Microbial Flow Cytometry

Summary

Flow cytometry and sorting bring new measurement capabilities to the field of microbiology, and microbial samples present unique challenges to traditional flow cytometry workflows. Flow cytometry uses scattered light and emitted fluorescence to quantify the properties of individual cells in a population. Many modern flow cytometers can detect microbe-sized particles (≈ 0.1 µm to 5 µm), and stakeholders are increasingly using flow cytometry to characterize microbial samples. Due to the method’s speed, multiplexing capability, and single cell resolution, there is great interest in using flow cytometry as a primary measurement or as validation for orthogonal characterization methods such as Coulter counting, colony forming unit assay, polymerase chain reaction, and sequencing. Excitingly, flow sorters enable physical separation of cell subpopulations for further analysis, for example isolating cells with distinct genome copy numbers.

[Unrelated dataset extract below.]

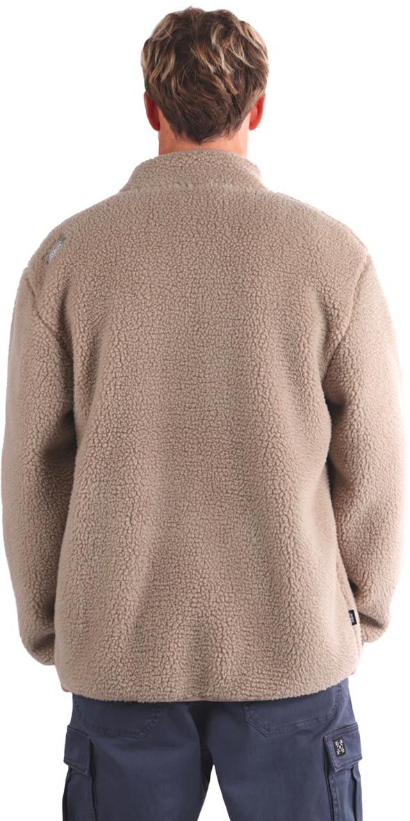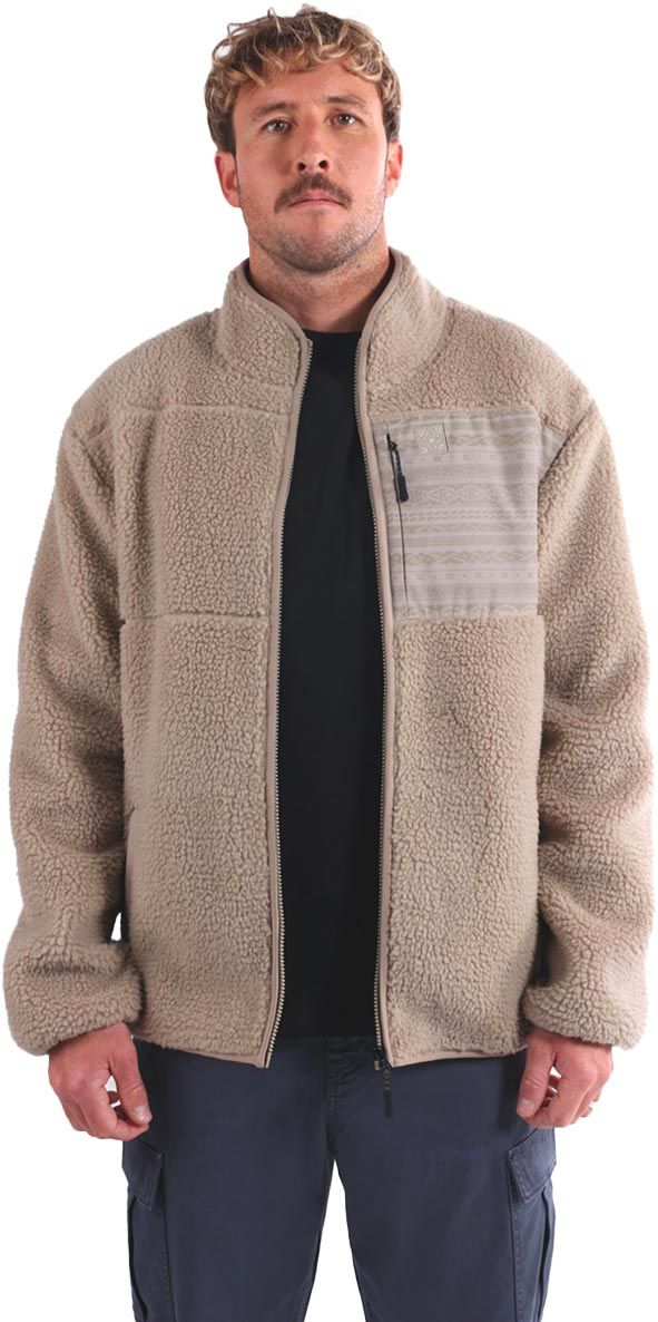 Pol Oxbow Warmedup Fullzip Sherpa Fleece Rock : polaire homme en sherpa chaude, col montant, poignets élastiqués, imprimé graphique original.

Standardization of microbial flow cytometry methods is difficult due to aspects of microbial samples, including small cell sizes, irregular cell shapes, acellular environmental matrix, inconsistent response to fluorescent probes across cell types, and lack of microbe-specific fluorescent reagents. Our goal is to develop experimental and data analysis methods to advance stakeholders’ measurement assurance strategies. Application areas span microbial cell reference materials, biomanufacturing and biotechnology, biotherapeutics (“bugs as drugs”), pathogen detection, sterility testing, biosurveillance, and microbiome studies.